Jazz greats celebrate Parker’s centennial

Wave Staff Report

LOS ANGELES — Aug. 28 would have been the 100th birthday of Charlie “Bird” Parker, one of the most legendary jazz musicians of all time.

Born Aug. 29, 1920, in Kansas City, Kansas, Parker is considered by many as one of the most important Black American figures in history, a towering musical genius who blazed his own path as a pioneering musician and composer, altering the course of music forever.

Sixty-five years after his untimely passing in 1955 at just 34 years old, Parker’s music still lives. His compositions continue to influence generations and can be heard in music from today’s visionaries, ranging from the envelope pushing hip-hop of Kendrick Lamar to the sprawling, celestial jazz of Kamasi Washington.

Last week, some of Parker’s most famous fans such as Herbie Hancock, Wynton Marsalis, Jon Batiste, Christian McBride and Jeff Goldblum, honored him with video tributes on the Official Charlie Parker YouTube Channel.

Former President Bill Clinton provided a heartfelt salute about his fellow alto saxophonist who he said, “left this world far too young but his spirit survives through the beauty, the power, the genius, of his music. It sounds and feels as young today as when he first played it and when I first heard it.”

If jazz history can be divided into two epochs — danceable swing and improvisational bebop — then Parker is the fault line. During his all too short but remarkable career, the alto saxophonist gave jazz lightning tempos, mind-bending chord substitutions and previously unexplored harmonic depth, paving the way for hard bop, free jazz, fusion and everything after.

Miles Davis summed up his accomplishments by saying “You can tell the history of jazz in four words. Louis Armstrong. Charlie Parker.” Parker was a meteoric musician that burned bright and much too quick. But his legacy more than lives on; it’s jazz scripture.

Jack Kerouac called him “as important as Beethoven.” Four of his recordings were inducted into the Grammy Hall of Fame including albums “Charlie Parker With Strings” and “Jazz At Massey Hall,” and the songs “Ornithology” and “Billie’s Bounce.”

In 1974, he was awarded a posthumous Grammy for best performance by a soloist for “First Recordings.” In 1988, the Clint Eastwood-directed biopic “Bird” brought his story to the silver screen. The U.S. Postal Service issued a commemorative stamp in his honor in 1995.
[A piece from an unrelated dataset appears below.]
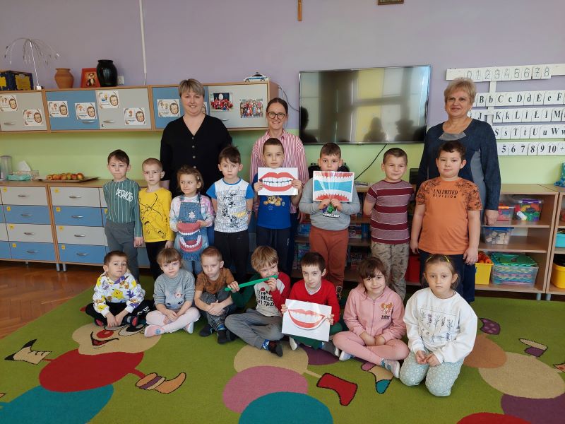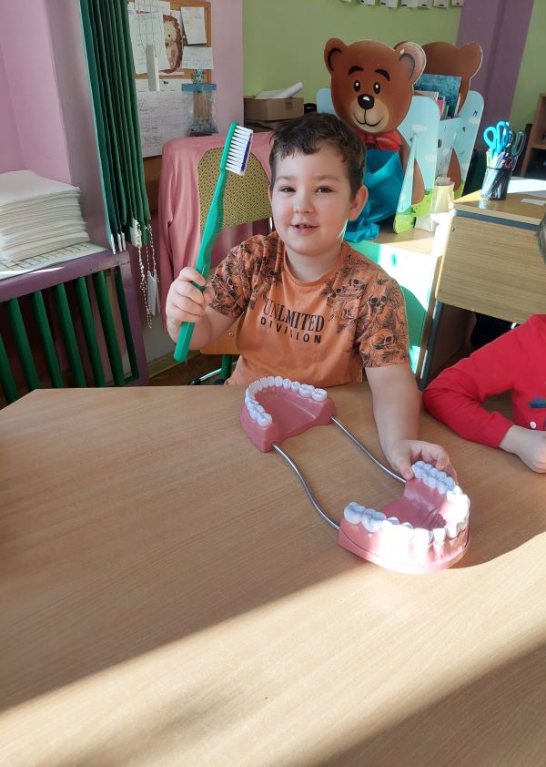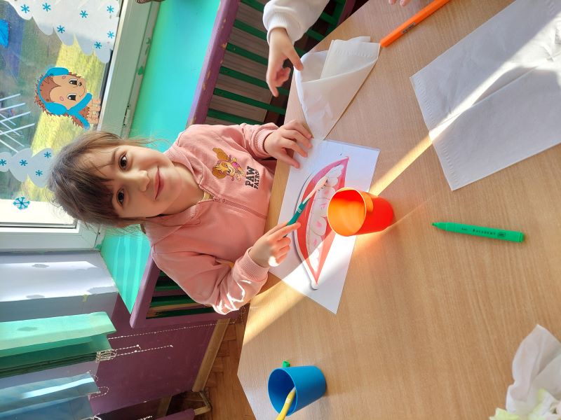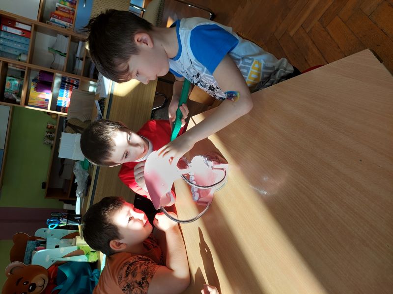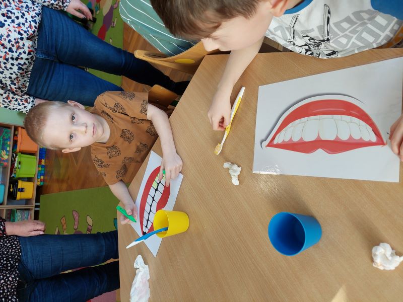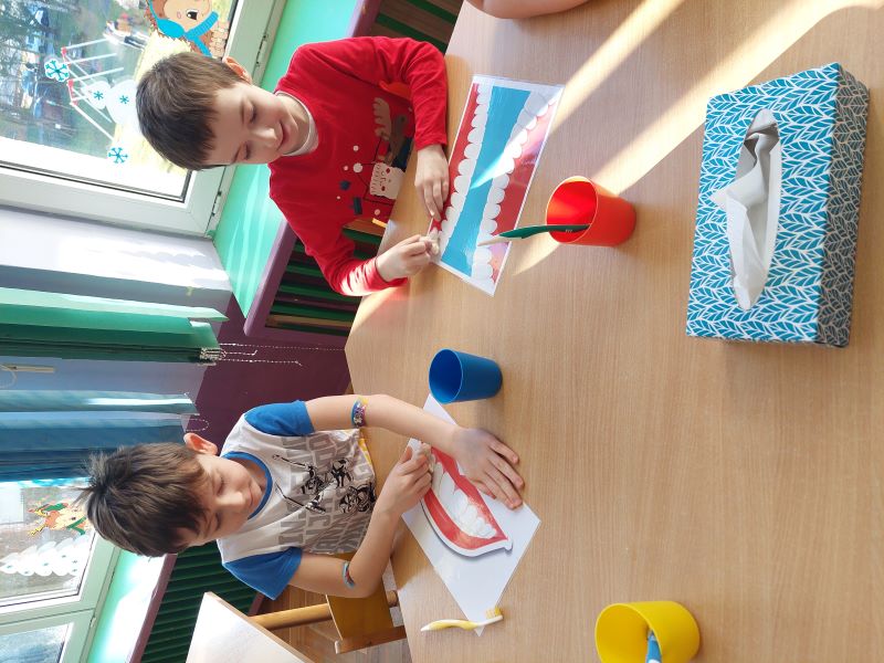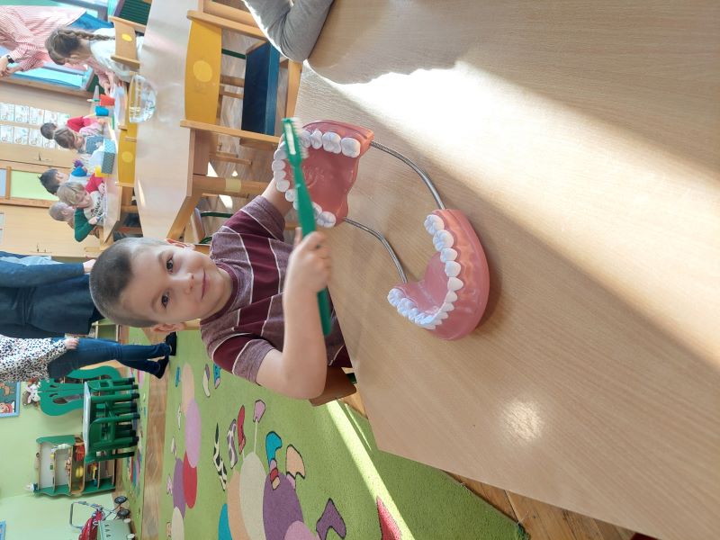 za pomocą szczoteczki do zębów zamoczonej w wodzie, która była symbolem pasty do zębów, dzieci czyściły zęby z namalowanych ubytków, a na koniec ręcznikiem papierowym, który symbolizował płukanie jamy ustnej, usuwały pozostałości mazaków- zarazków)

The Parker composition “Ko Ko” was included in the National Recorded Registry in 2002, declaring the song as “culturally, historically or aesthetically important … in the United States.” Although his life and career were short, the New Yorker has praised Parker as “one of the wonders of 20th-century music” and the New York Times deemed him “matchless” and a “bebop exemplar.”